_EXERCISE BRIEF_.
Please print, exactly, only the lines in the entries below from the line that has "Рис. 1. Співвідношення" through the line that has "MIME WAVE - GEEL". Pictures don't go in.

*** MATERIAL PROVIDED

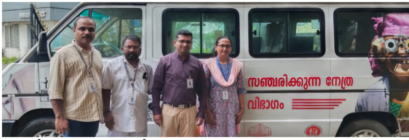
സഞ്ചരിക്കുന്ന നേത്ര രോഗ വിഭാഗം

ആലപ്പുഴ : ജനറൽ ആശുപത്രിയിൽ ദേശീയ അന്യത നിവാരണ നിയന്ത്രണ പരിപാടിയുടെ ഭാഗമായി 2022 ഒക്ടോബർ മുതൽ 2024 ജൂൺ വരെ 514 തിമിര ശസ്ത്രക്രിയകൾ പൂർത്തിയാക്കി. 'നയനപഥം' എന്ന പേരിൽ സഞ്ചരിക്കുന്ന നേത്ര രോഗ വിഭാഗം, കാഴ്ച പരിമിതരെ കണ്ടെത്തി സൗജന്യ ചികിത്സ നൽകുന്നതാണ്
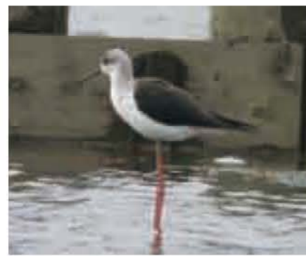
写真 尾崎 光代(鳥の博物館友の会) 文 斉藤 安行(鳥の博物館学芸員)

今年の9月3日、鳥の博物館友の会の方が「市民農園前沼の手賀沼にセイタカシギがいるよ!」と教えてくれました。10羽のセイタカシギが、手賀沼の植生浄化用の人工島に降りていました。全長(※1)約40cmの胴体に、30cm程のすわりとのびたピンク色の脚。貴婦人のような姿です。細長い嘴で水辺の小動物を捕らえて食べます。日本の留鳥として定着したのは、1975年に愛知県で初めて繁殖が確認されて以来のことです。その後、各地で観察される機会が増えましたが、決して数多い鳥ではありません。手賀沼周辺では1977年から観察記録があります(※2)。セイタカシギは、世界中の低・中緯度地域の水辺に分布しています。日本にこれまで生息していなかったのが不思議なくらいです。この鳥が安心して定着できるような水辺環境はどこにあるのか? 今後の動向が気になる「身近になった」鳥の一つです。 ※1 全長(鳥を仰向けに寝かせた時の、嘴の先から尾羽の先までの長さ) ※2 我孫子野鳥を守る会による記録
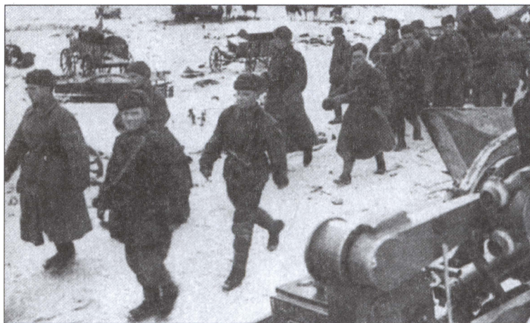
Советские войска. Корсунь-Шевченковская операция. 1944 г.
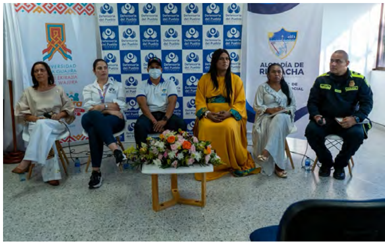
Riohacha avanza hacia la inclusión: un espacio de diálogo y reflexión para garantizar los derechos de todas las orientaciones e identidades.

de dicho sectores y agremiaciones en la capital de La Guajira. "Seguimos trabajando para
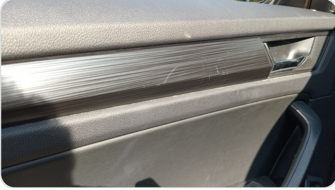
فرش الباب الأمامي شمال : قطع/كسر/شرخ/تلف
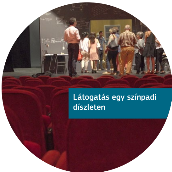
Látogatás egy színpadi díszleten
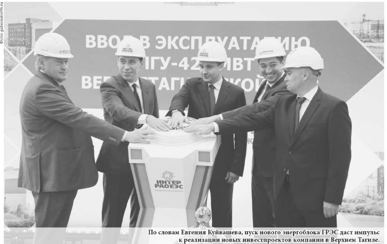
По словам Евгения Куйвашева, пуск нового энергоблока ГРЭС даст импульс к реализации новых инвестпроектов компании в Верхнем Тагиле.

Первые серийные КриоАЗС могут появиться уже в ближайший год и будут установлены в зоне производственной деятельности компании «Газпром трансгаз Екатеринбург».
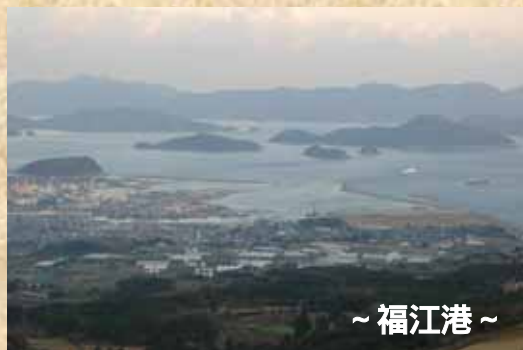
～ 福江港 ～
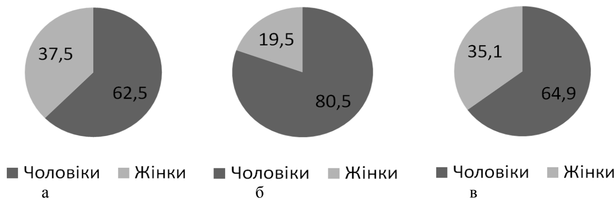
Рис. 1. Співвідношення координаторів проектів у міжнародних програмах, у відсотках: а – у програмі «Еразмус+» від КПІ ім. Ігоря Сікорського, б – у програмі «Горизонт 2020» від КПІ ім. Ігоря Сікорського, в – загалом у програмі «Горизонт 2020»

Проаналізувавши міжнародні проекти, подані КПІ ім. Ігоря Сікорського за період з 2008 до 2018 років, визначили співвідношення чоловіків та жінок серед координаторів проектів [5]. За результатами досліджень отримали підтвердження того, що переважна більшість керівників – чоловіки. На рис. 1 зображено співвідношення координаторів-жінок до координаторів-чоловіків у міжнародних програмах, у відсотках.
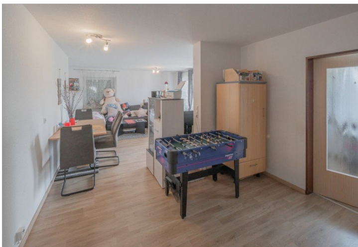
Wohnung 1 EG
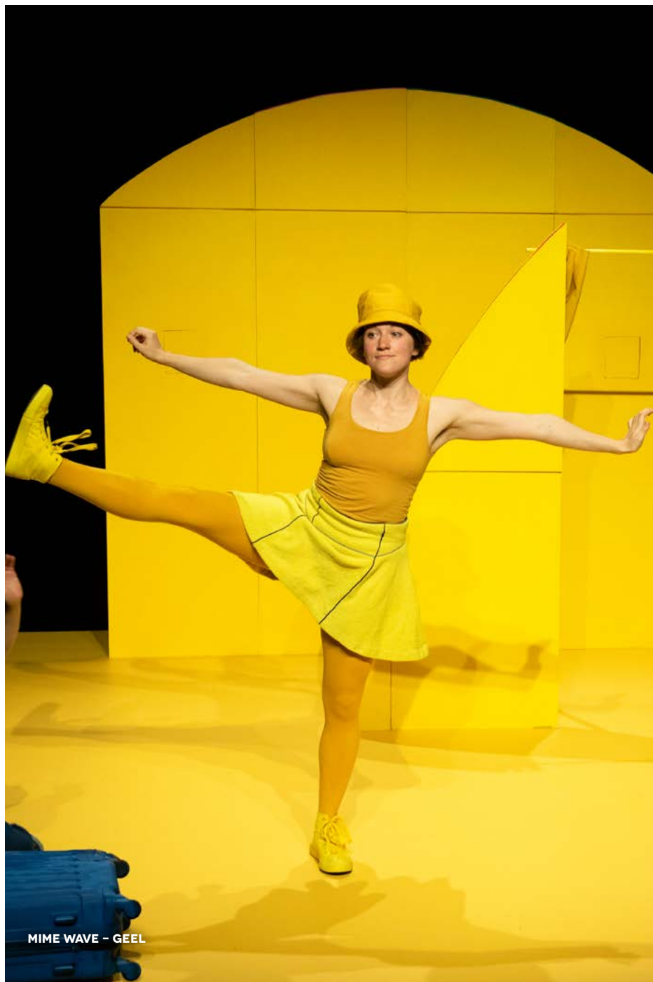
MIME WAVE - GEEL
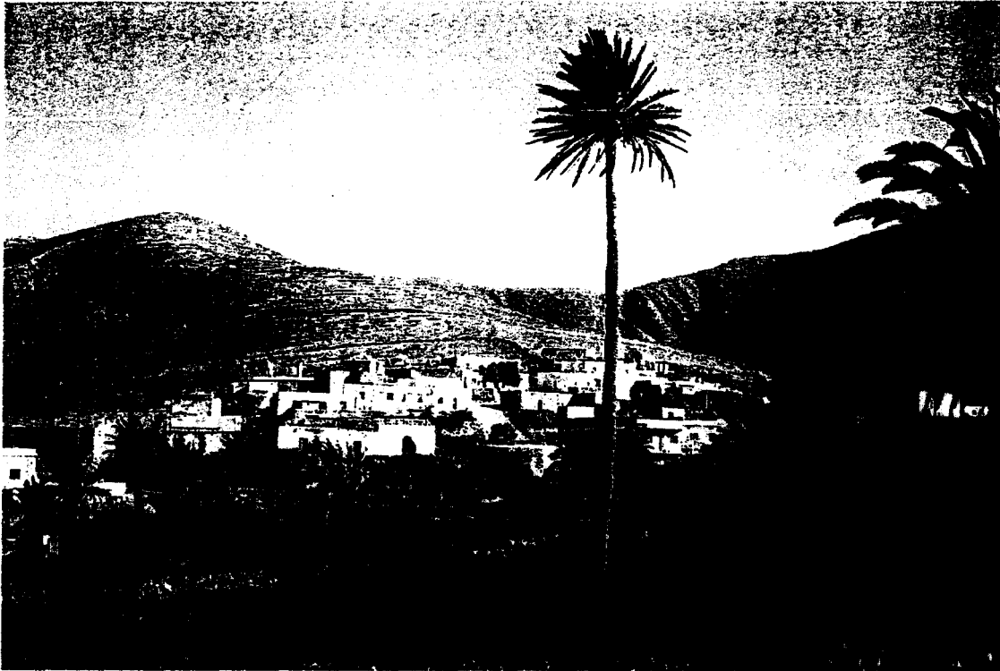
Abb. 2: Toto (Fuerteventura). Da die Passatwinde aufgrund der geringen Meereshöhe über die östlichen Kanaren streichen, ohne ihre Feuchtigkeit im wesentlichen abzuregen, hat sich keine Waldvegetation entwickelt.
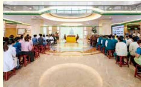
▲法師帶領全體與會人員持誦藥師咒迴向。
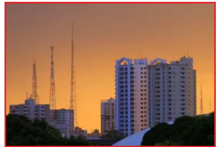
Ainda não há possibilidade de chuva nessa semana devido à estiagem
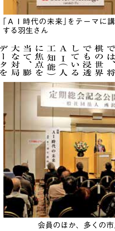
会員のほか、多くの市民が来場した
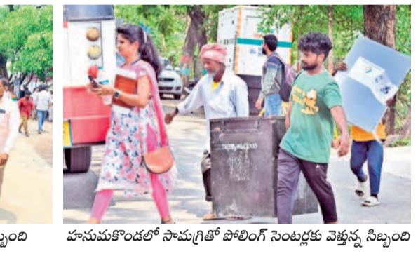
హనుమకొండలో సామగ్రితో పోలింగ్ సెంటర్లకు వెళ్తున్న సిబ్బంది
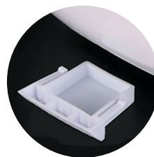
Встроенная аромакапсула для ароматического масла

******

_ANSWER TO THIS PROBLEM_.
Рис. 1. Співвідношення координаторів проектів у міжнародних програмах, у відсотках: а – у програмі «Еразмус+» від КПІ ім. Ігоря Сікорського, б – у програмі «Горизонт 2020» від КПІ ім. Ігоря Сікорського, в – загалом у програмі «Горизонт 2020»

Проаналізувавши міжнародні проекти, подані КПІ ім. Ігоря Сікорського за період з 2008 до 2018 років, визначили співвідношення чоловіків та жінок серед координаторів проектів [5]. За результатами досліджень отримали підтвердження того, що переважна більшість керівників – чоловіки. На рис. 1 зображено співвідношення координаторів-жінок до координаторів-чоловіків у міжнародних програмах, у відсотках.
Wohnung 1 EG
MIME WAVE - GEEL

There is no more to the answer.